(Data extract Opens)

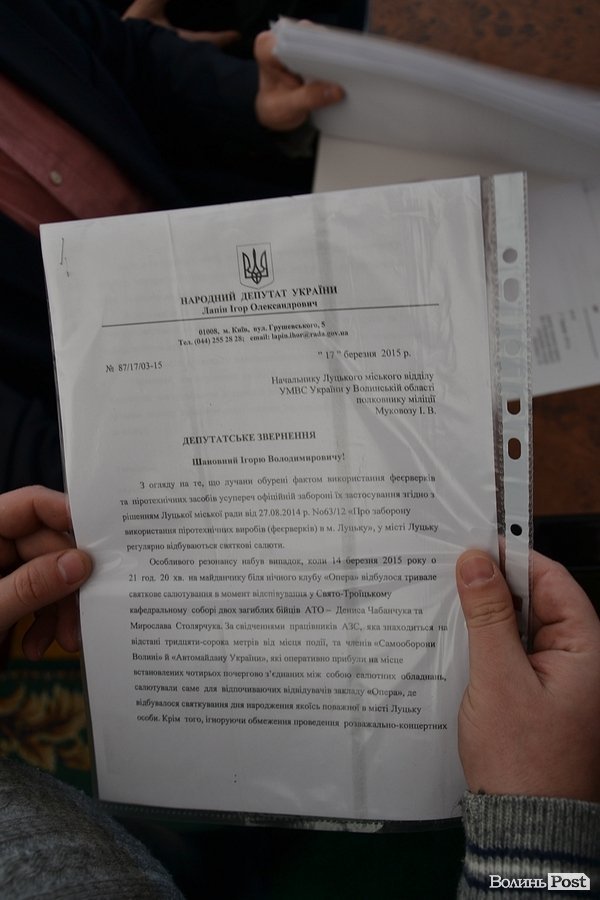 У Луцьку біля нічного клубу «Опера» пускали феєрверки, коли у Свято-Троїцький собор заносили тіла українських бійців.
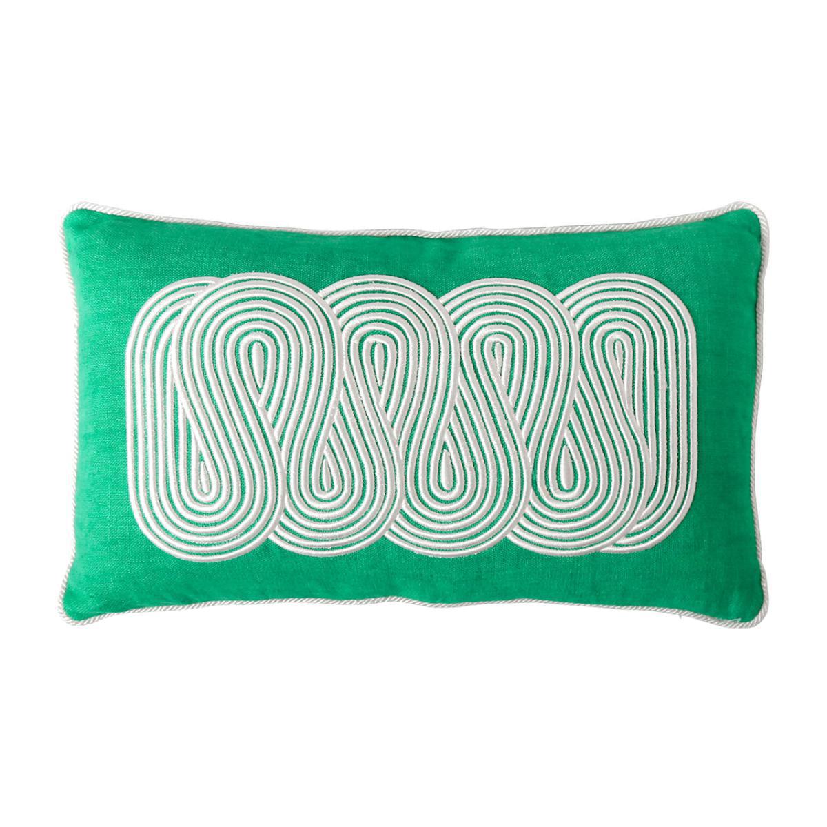 Pompidou Path Cushion - / 50 x 30 cm - Linen & satin embroidery by Jonathan Adler Green
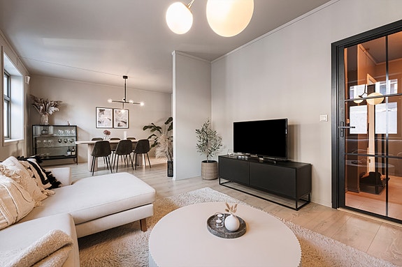 Leiligheten er gjennomført tiltalende og byr på en luftig stue med gasspeis og imponerende takhøyde opp til 4,35 meter, samt et moderne kjøkken med integrerte hvitevarer, loftstue med galleri mot stuen, et lyst bad med opplegg for vaskemaskin og et stort soverom med garderobeskap og fransk balkong. Leiligheten har en innredet bod og flere smarte oppbevaringsløsninger. Varmtvann/fyring er inkl. i felleskostnadene.

(Data extract Closes)

Exercise details:
Line by line and exactly, write out the material above. Skip the pictures.

Exercise output:
 У Луцьку біля нічного клубу «Опера» пускали феєрверки, коли у Свято-Троїцький собор заносили тіла українських бійців.
 Pompidou Path Cushion - / 50 x 30 cm - Linen & satin embroidery by Jonathan Adler Green
 Leiligheten er gjennomført tiltalende og byr på en luftig stue med gasspeis og imponerende takhøyde opp til 4,35 meter, samt et moderne kjøkken med integrerte hvitevarer, loftstue med galleri mot stuen, et lyst bad med opplegg for vaskemaskin og et stort soverom med garderobeskap og fransk balkong. Leiligheten har en innredet bod og flere smarte oppbevaringsløsninger. Varmtvann/fyring er inkl. i felleskostnadene.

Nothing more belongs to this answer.